The bill before us primarily proposes amendments to the Bail Act 1977 in order to improve bail tests, update the required considerations for bail decision makers, repeal certain unnecessary bail-related offences and make several other improvements to Victoria’s current bail laws.
There are certain tests that must be satisfied when considering whether bail may be granted, with the severity of the alleged offences determining which tests are applicable. This bill proposes to improve these tests and their application in several ways.
One of the fundamental changes proposed is the concept of uplift, where a person on bail is then alleged to have committed another offence and thereby faces a much more onerous bail test than the normally applicable one for that offence alone. The consequence is that alleged low-level, non-violent repeat offenders end up on remand more often despite posing little risk to the community. To address this, the bill proposes that test uplift should no longer apply for non-schedule offences so that bail can be considered more appropriately for lower level allegations.
This bill seeks to make further sensible refinements to the unacceptable risk test, which is that lowest level test for bail. Under these changes, for low-level alleged offenders a risk of committing an offence while on bail would not be reason enough for remand unless there is a risk to the safety or welfare of another person.
Additionally, the majority of summary offences would be classified as remand-prohibited offences where bail cannot be refused unless an exception applies, although appropriate conditions may apply with the possibility of remand for non-compliance. Remand prohibition will not apply to certain serious summary offences as outlined in the new schedule 3 offence category.
In addition to directly addressing bail tests, this bill also amends the specific matters that must be considered by a bail decision maker, such as a magistrate or a police officer.
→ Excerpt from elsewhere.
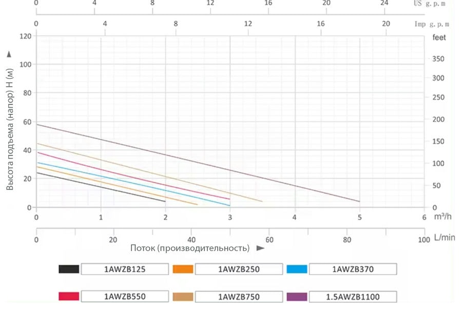 Поверхностный центробежный насос 1AWZB750 /GRANDFAR/ Страна происхождения Китай

Under section 3A of the current act, where a bail applicant is an Aboriginal person bail decision makers are required to consider cultural background and other relevant cultural issues or obligations in their decision.
I would just briefly like to mention that bail considerations specific to children are also expanded in light of the inherent vulnerabilities of young offenders for whom remand must only be a measure of last resort.
This is a very important bill that is progressing Victoria to be a fairer, safer state, and I commend it to the house.